The foundation of that stack is the Salesforce Hyperforce architecture, which provides data residency and compliance for enterprise use cases. On top of Hyperforce is the Salesforce Data Cloud for unifying, harmonizing and cleansing data from multiple sources like Salesforce instances. The Salesforce Data Cloud can also federate with external data lakes and data warehouses such as Snowflake, Databricks, Amazon Redshift and Google BigQuery.

Shih explained that the Einstein LLM (large language model) gateway sits on top of that foundation. The Einstein LLM gateway pulls in different gen AI models depending on the use case requirement. Salesforce has developed its own LLMs and also has partnerships with leading vendors including OpenAI, Google, Anthropic and Cohere.

On top of the LLM gateway is the Einstein Trust Layer that provides data privacy, security, toxicity filtering, citations and the tools necessary to support trustworthy AI for enterprise consumption. Shih explained that the overall AI platform and strategy at Salesforce that encompasses all of these underlying technologies that enable products like Einstein Copilot is branded as Einstein 1.

The genius of Einstein is all about context

There is no shortage of organizations building AI copilots and conversational UI interfaces. 

Microsoft for example has a growing list of Copilot services across its software portfolio.

Shih stressed that there is a big difference between what Salesforce is doing with Einstein Copilot and others like Microsoft. In her view, that difference is the contextual data.

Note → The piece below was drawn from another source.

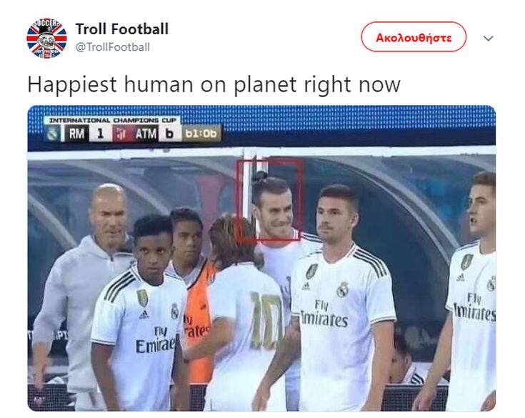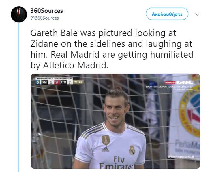 Η Ρεάλ Μαδρίτης γνώρισε τον διασυρμό (3-7) από τη μισητή συμπολίτισσα Ατλέτικο σε φιλικό παιχνίδι που έγινε στο Νιου Τζέρσι, με το σκορ μάλιστα σε δύο περιπτώσεις να είναι στα έξι γκολ διαφορά. Όμως, αυτό δεν φάνηκε να στεναχωρεί ιδιαίτερα τον Γκάρεθ Μπέιλ, τον οποίον η κάμερα έπιασε δύο φορές ιδιαίτερα χαμογελαστό.
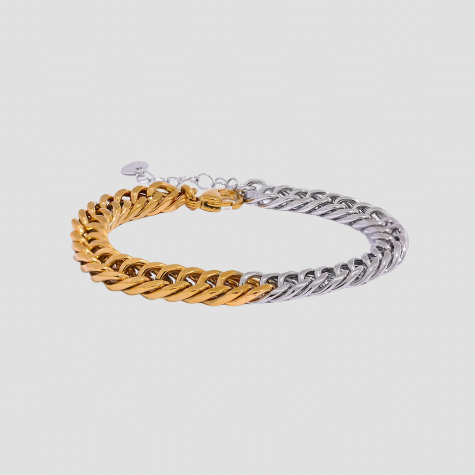 The 2-tone Link Bracelet showcases a unique two tone pattern, adding a touch of individuality to your ensemble. Experience comfort without worrying about skin irritations, thanks to its hypoallergenic design.

According to Shih, it’s metadata that gives context to the data, which is of critical importance. Salesforce’s metadata model has long provided a structured way to define objects, fields, relationships and business logic. For example, metadata can help to identify in a sales context what an opportunity is and how an opportunity is related to an account, with a close date and a financial amount.

“At Salesforce we’ve had our metadata layer since the very beginning and I mean, it wasn’t created for AI, but it turns out that metadata is essential for AI to function properly,” Shih said.